The spray form of marijuana as medicine was developed by GW Pharmaceuticals  in UK and reflects a new professionalism in MJ breeding and growing.  Organic gardeners will be pleased to know they use no pesticides, just beneficial insects.  Not everyone’s happy about GW and its practices, however; some growers told Rendon they feared that GW would become the “Monsanto of cannabis.”

Meanwhile, back in the U.S. of A, the illegality of marijuana is standing in the way of professional breeding.  Production is totally unregulated.  Breeders can’t claim legal rights to plant strains they develop.  Rather than breeding with large samples, what’s done is “quick-turnaround” breeding with small numbers of plants, which doesn’t produce the best results.  And this:  “Untold numbers of genetic lines have been destroyed by the police in raids.”

What’s new in Growing

I’ve always wondered Northern California is such a hot spot for marijuana production; is it the climate?  Seems it’s more to do with the migration of pot-smokers from places like Haight Ashbury.  Today Humboldt County still has a large number of growers, but pot-growing is becoming less and less regional.  Now it’s grown just about everywhere.

One growing technique I’d love to see in person is the growing of pot in trees, the better to avoid detection by cops on the ground and in planes.  It’s achieved by hauling 10-galllon pots up 40 feet into trees and tying them to the trunk with bailing wire.  The trees are pruned to provide just enough camouflage while causing as little shading of the MJ as possible.

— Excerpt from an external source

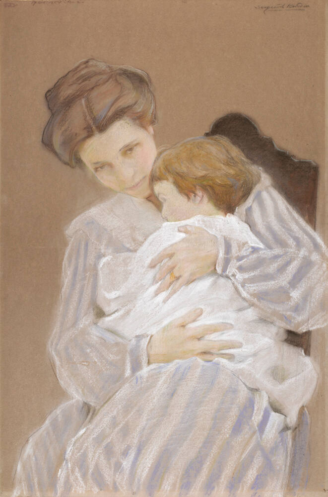 DescriptionA small child wearing a white gown sits on its mother's lap, facing left. The mother is seated on a chair with a domed crest rail that can be seen at the right of the composition over her left shoulder. She holds the child with both hands while fixing her gaze beyond its face. She wears a blue and white striped gown with a lace collar.Exhibition HistoryMore research is necessary.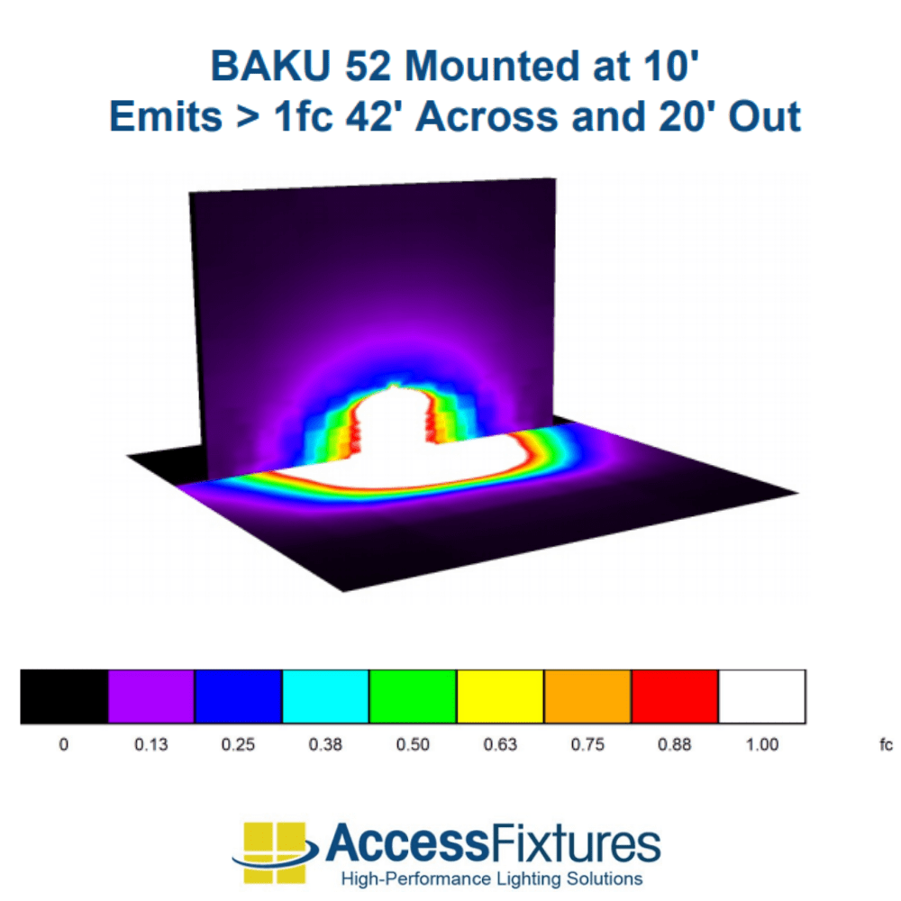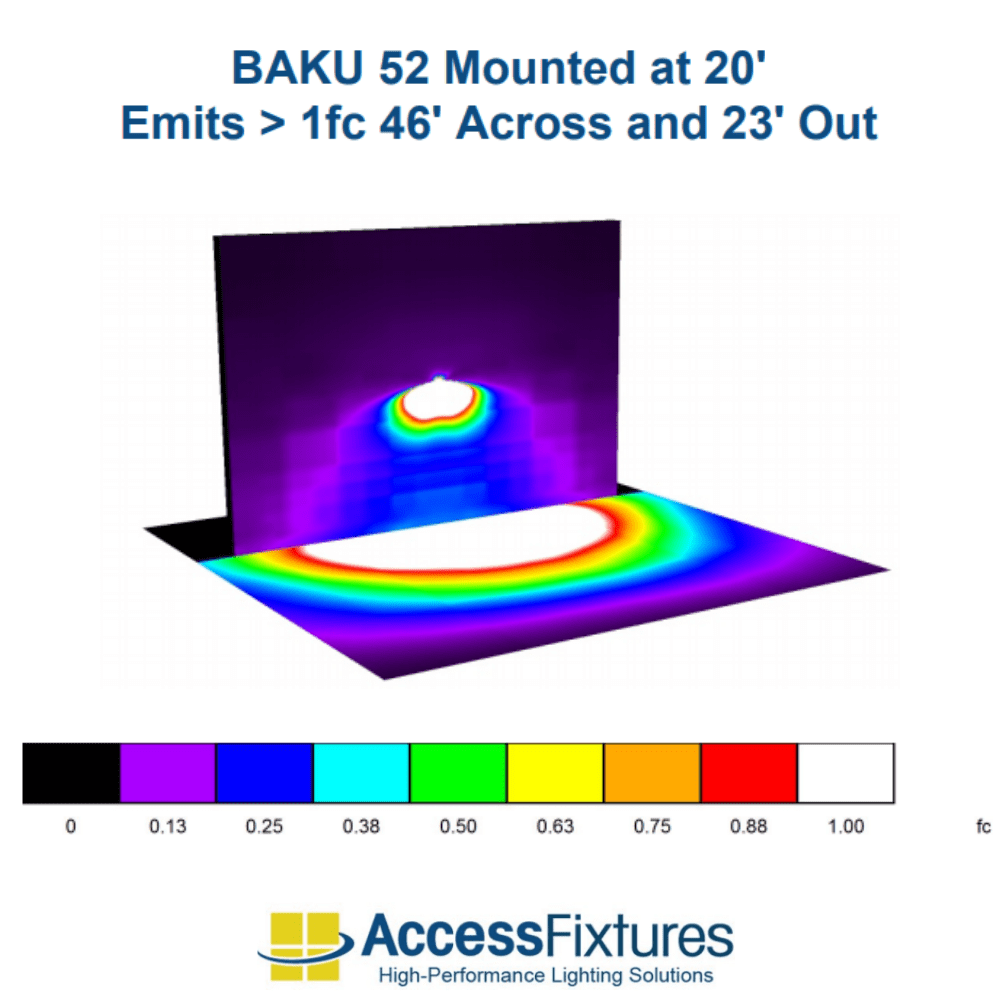 Mounted at 20′ : Emits >1fc 46’ Across and 23’ Out

During the ’80s and ’90s most American pot-growing was done indoors, away from police spying, through the use of hydroponics.  With legalization, pot-growing is moving back outdoors because the best marijuana is grown organically, in the ground.  (As hydroponics expert Tom Alexander told me, ” Hydroponics are like jug wine.”)  Another factor in the movement outdoors is the tremendous amount of electricity used in indoor production – estimated to be 3 percent of California’s total electricity usage.

You can learn to grow pot at the wonderfully named Oaksterdam University in Oakland, California. (Get it?  Amsterdam in Oakland.)  Or by watching any number of videos on Youtube, like this one by pot-growing guru Jorge Cervantes.

The Wild, Weird World of Legal Pot

Small growers express fears of being driven out of business by “Big Pot” and that squeeze is noticeable at the point of sale.  Harborside Health Center, the most professional, upscale pot dispensary in California, is pointed to as a model for the industry, but small growers can’t compete for dispensary business.  Many say they’ll just continue to sell recreationally – meaning illegally – for now at least.

California’s total marijuana crop, for both medical and recreational markets, is estimated to be worth $14 billion annually.  No wonder states are eager to tax the stuff.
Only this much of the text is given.